I see him fumble in his bandolier for some rounds to fill his magazine. His hands are shaking. I reach out and the grab the rifle. He holds onto it and pulls it towards me, bringing him with it. His grip relents and his eyes lock with mine. His eyes are bloodshot, he’s been crying.

‘Don’t you worry, my lad, not nothin’ to worry about’, I confidently lie. I tell myself this same thing over and over, like a Buddhist chanting the Tiratana, a mantra I’ve been reciting since Ypres in 1914. I grab a handful of rounds and skilfully load the magazine, not taking my eyes away from the young Tommy. I can tell this impresses him.

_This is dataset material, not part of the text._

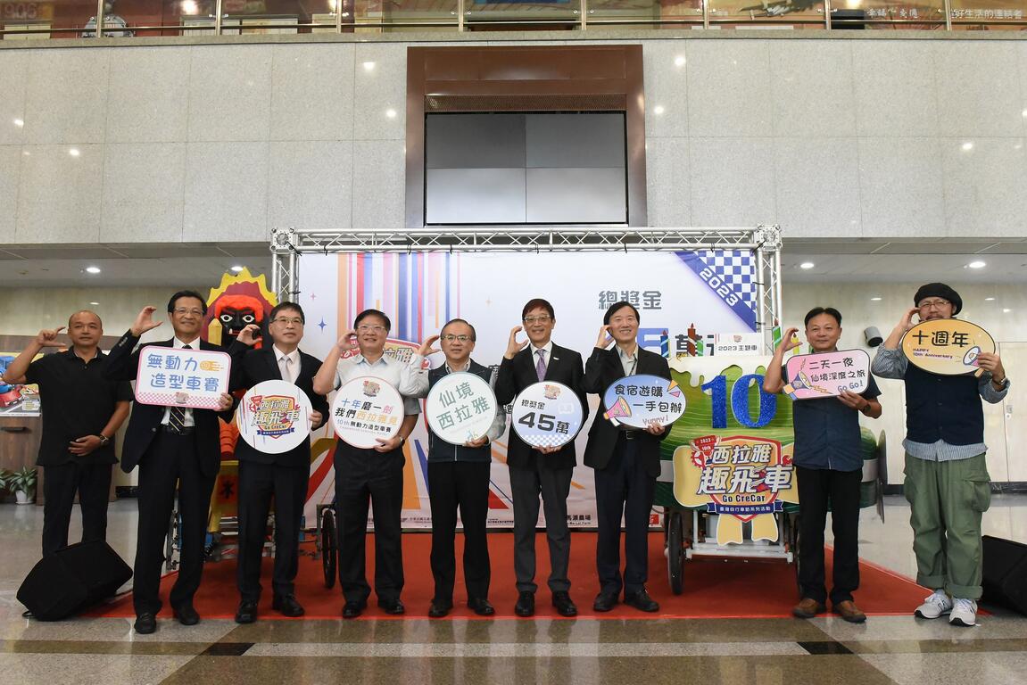 2023西拉雅趣飛車今(10/12)在交通部舉辦宣傳記者會,現場有精彩表演節目帶動,熱力四射的啦啦隊以活力熱情的舞曲為開場,將現場氣氛炒到最高點,並邀請到交通部陳政務次長彥伯、交通部觀光署林副署長信任、交通部路政及道安司湯簡任技正儒彥、西拉雅國家風景區管理處處長徐振能、走馬瀨農場場長顏向照、中華民國旅行商業同業公會全國聯合會總召林義順、台灣入境旅遊協會顧問羅吉瑛,以及擔任此次賽事評審的重磅級設計總監,也是首位集齊金鐘、金曲、金馬典禮的「三金」設計師、現任設計工作室「究方社」創意總監方序中前來共襄盛舉,另外,去年冠軍車與今年新建造的主題大型蛋糕車也在現場亮相,名車與名人齊聚一堂,為即將迎來十周年的西拉雅趣飛車拉開序幕。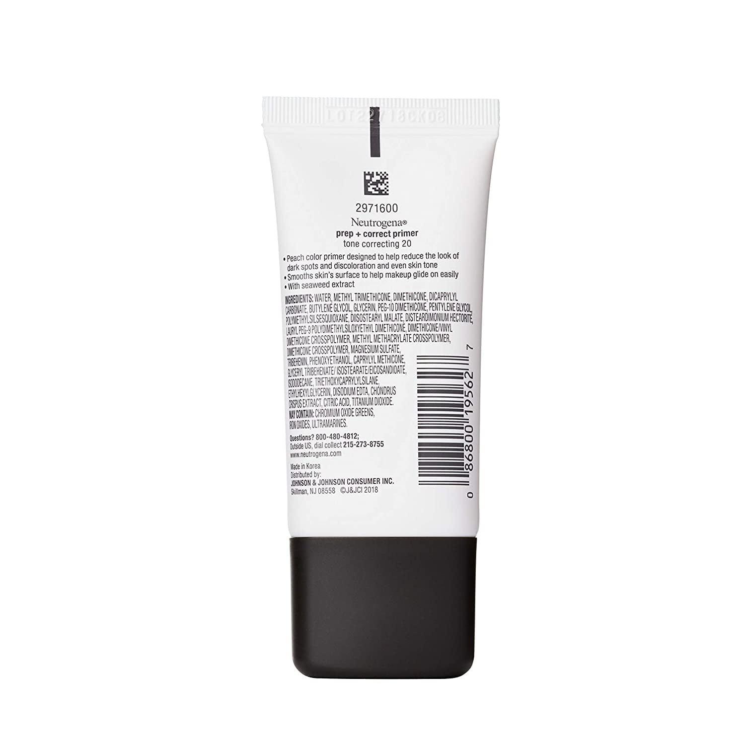 Product Description:Peach color primer designed to help reduce the look of dark spots and discoloration and even skin tone. Smooth skin’s surface to help makeup glide on easily. Formulated with seaweed extract.1-oz of Neutrogena Prep + Correct Peach Primer to visibly even skin tone and texture and reduce the look of dark spotsThis primer makeup improves dull-looking skin and smooths skins surface to improve texture and tone while diminishing the appearance of fine lines without settling into themThe silky, lightweight priming makeup is formulated with seaweed extract and boasts a gentle, non-greasy formula that won’t weigh you downTone-evening makeup helps to reduce the look of discoloration and hyperpigmentation with a soft peach colorMade to be worn alone or under makeup, the tone correcting face primer extends the life of makeup and helps it glide on more easilyIngredients :MAY CONTAIN: CHRONIUM OXIDE GREENS, IRONS OXIDES, ULTRAMARINES."}" data-sheets-userformat="{"2":515,"3":{"1":0},"4":[null,2,16776960],"12":0}" style="font-size: 10pt; font-family: verdana, arial, helvetica, sans-serif;">WATER, METHYL TRIMETHICONE, DIMETHICONE, DICAPRYLYL CARBONATE, BUTYLENE GLYCOL, GLYCERIN, PEG-10 DIMETHICONE, PENTYLENE GLYCOL, POLYMETHYLSILSESQUIOXANE, DIISOSTEARYL MALATE, DISTEARDIMONIUM HECTORITE, LAURYL PEG-9 POLYDIMETHYLSILOXYETHYL DIMETHICONE, DIMETHICONE/VINYL DIMETHICONE CROSSPOLYMER, METHYL METHACRYLATE CROSSPOLYMER, DIMETHICONE CROSSPOLYMER, MAGNESIUM SULFATE, TRIBEHENIN, PHENOXYETHANOL, CAPRYLYL METHICONE, GLYCERYL TRIBEHENATE/ISOSTEARATE/EICOSANDIOATE, ISODODECANE, TRIETHOXYCAPRYLYLSILANE, ETHYLHEXYGLYCERIN, DISODIUM EDTA, CHONDRUS CRISPUS EXTRACT, CITRIC ACID, TITANIUM DIOXIDE.

‘You been over the top before my lad?’

‘N…N… No, I only got here 4 days ago’. He looks sheepish as he thinks I don’t recall. I do recall. I’ve given up getting to know anybody else; I have grieved over friends these past two years, more than many a man would grieve in a thousand lifetimes.

‘I know lad, stick with me and we won’t go far wrong. Do as I do, and you’ll see tomorrow’, I lie again.

Men begin to make their way towards the junction of the communication trench. I wonder if the Huns know we’re coming today. If they don’t, they soon will.

‘Come on Jim boy! Time to go’, I say, handing his rifle back to him. I turn and move off towards the junction, slipping on my webbing like a favourite jacket and instinctively reaching for the pouches and checking the clasps are fixed in place. I hear him follow on; glancing back I see him doing the same. Do as I do, that’s what I’d told him.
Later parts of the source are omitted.